=== Begin Enclosure ===
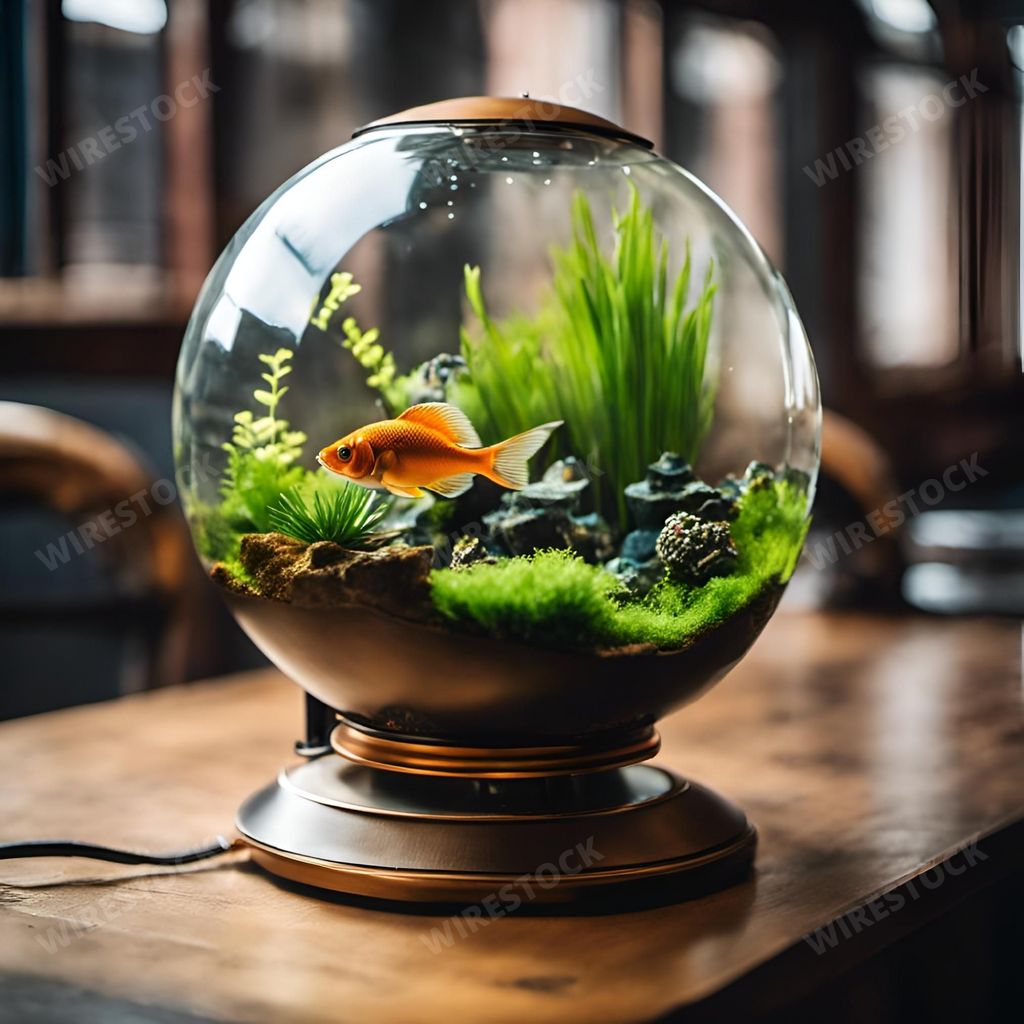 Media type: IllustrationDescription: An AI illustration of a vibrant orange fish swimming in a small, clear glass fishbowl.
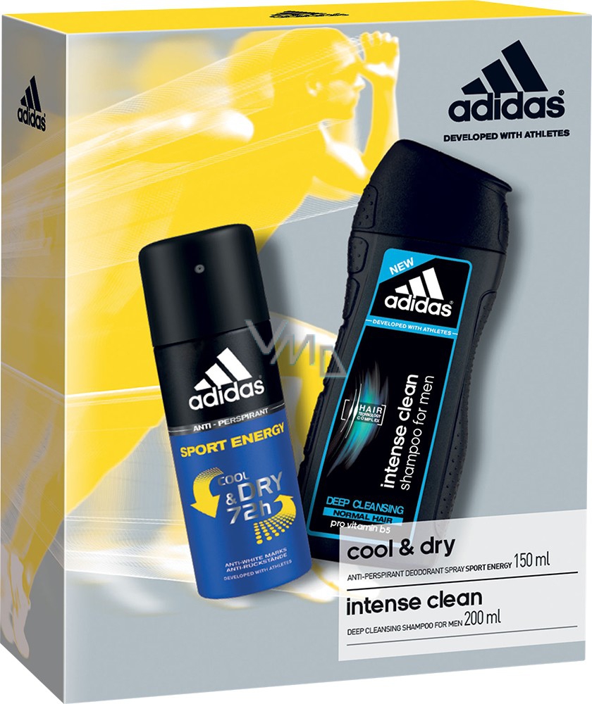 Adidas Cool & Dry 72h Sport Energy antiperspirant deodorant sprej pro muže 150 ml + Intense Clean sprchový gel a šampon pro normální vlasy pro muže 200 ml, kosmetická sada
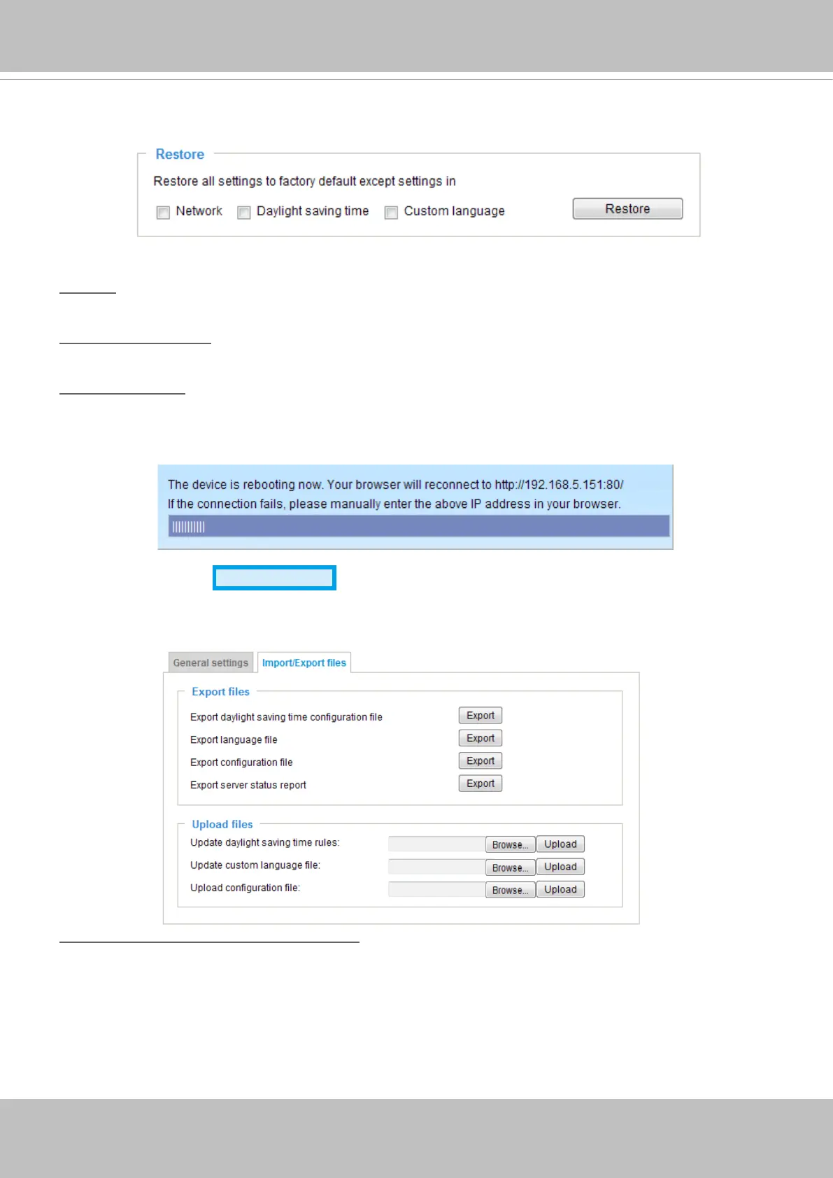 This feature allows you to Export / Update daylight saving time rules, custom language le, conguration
=== End Enclosure ===
→ **Instructions for the task**: An exact transcription of the listing is required, and it must contain no pictures.

→ **Task output**:
 Media type: IllustrationDescription: An AI illustration of a vibrant orange fish swimming in a small, clear glass fishbowl.
 Adidas Cool & Dry 72h Sport Energy antiperspirant deodorant sprej pro muže 150 ml + Intense Clean sprchový gel a šampon pro normální vlasy pro muže 200 ml, kosmetická sada
 This feature allows you to Export / Update daylight saving time rules, custom language le, conguration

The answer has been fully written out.